Il singolo Solitary Traveller è stato scritto con James Walbourne e cantato dalla figlia Kami Thompson (AKA The Rails). «Non ho una spiegazione per il titolo», dice Thompson. «Non sono mai stata una viaggiatrice solitaria. Ma, se hai molte persone nella tua vita, a volte desideri la solitudine. Al contrario, le persone solitarie spesso bramano la compagnia. È un po’ una dicotomia».

“Insecurities”, Shabaka ft. Moses Sumney

Il sassofono tenore di Shabaka Hutchings appare esattamente una volta in Perceive Its Beauty, Acknowledge Its Grace. Soltanto dieci minuti prima della fine dell’album, evocando lo slancio feroce e la grinta della carta vetrata che hanno alimentato band amate come Sons of Kemet, Comet Is Coming e Shabaka and the Ancestors, e hanno contribuito a renderlo uno dei musicisti jazz più celebri dell’ultimo decennio.
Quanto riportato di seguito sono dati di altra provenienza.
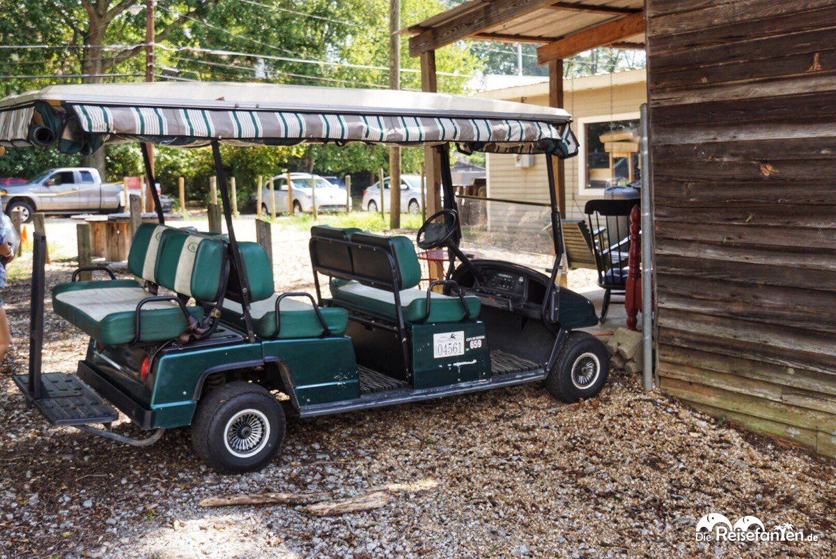 Doch der Reihenfolge nach: nach dem für die USA typischen, unkomplizierten Parkplatzsuche begaben wir uns in den hübschen Laden der Georgia Tour Company in der 53, Main Street, die mit “The Touring Dead” spezielle Walking Tours zu dieser TV-Serie anbietet. Zwar wurden in Senoia und Umgebung auch noch zahlreiche andere Produktionen wie “Grüne Tomaten”, “Friedhof der Kuscheltiere 2” oder “Drop Dead Diva” gedreht, “The Walking Dead” ist aber das aktuellste und sorgt natürlich für den größten Medien- und Fan-Hype. Daher hat sich die Georgia Tour Company auch hierauf spezialisiert und bietet offiziell 2.5-stündige Touren an, die sowohl Fußwege als auch den Transport mit einem elektrischen Cart beinhalten. Zum Preis von 25 USD pro Nase (Kinder unter 6 sind kostenlos) geht es praktisch jeden Tag ab 10 Uhr morgens los mit mehreren Touren am Tag. Die männlichen und weiblichen Tourguides sehen dabei erstaunlicherweise den Darstellern der Serie recht ähnlich, besonders bei dem Andrew Lincoln-Verschnitt mussten wir wirklich mehrmals hinsehen – aus der Ferne könnte man wirklich meinen, Rick Grimes führt gerade eine Horde Fans durch die Stadt.

Ma Shabaka, che ora si presenta solo con il nome, per il resto del disco mantiene fede alla promessa che non avrebbe più suonato il suo strumento. Solo che in Perceive Its Beauty, Acknowledge Its Grace – la cui traduzione significa “Percepisci la sua Bellezza, riconosci la sua Grazia” – Shabaka non ha sostituito uno strumento per un altro; invece, ma ha cambiato la sua musica da zero.

Il lavoro precedente di Shabaka mescolava la musica dance ed il jazz. È passato dall’inebriante electro-funk dei Comet Is Coming ai potenti groove afro-caraibbi dei Sons of Kemet fino allo scambio intercontinentale riccamente stratificato. Perceive Its Beauty, Acknowledge Its Grace, invece, si concentra sulla tranquillità, su un senso di comunione meditativa con una varietà di cantanti e strumentisti ospiti. Shabaka non è l’unico musicista a pensare in questo senso ultimamente. New Blue Sun, l’album di André 3000, che presentava un cameo Shabaka, ha segnalato l’arrivo mainstream di un’onda che si è accumulata costantemente nell’ultimo decennio o giù di lì in cui vari suoni di ricerca degli anni Settanta – da Alice Coltrane e Pharoah Sanders a Steve Reich, Brian Eno – hanno fluttuato influenzando artisti che lavorano nel jazz e intorno al jazz, musica elettronica e altro ancora.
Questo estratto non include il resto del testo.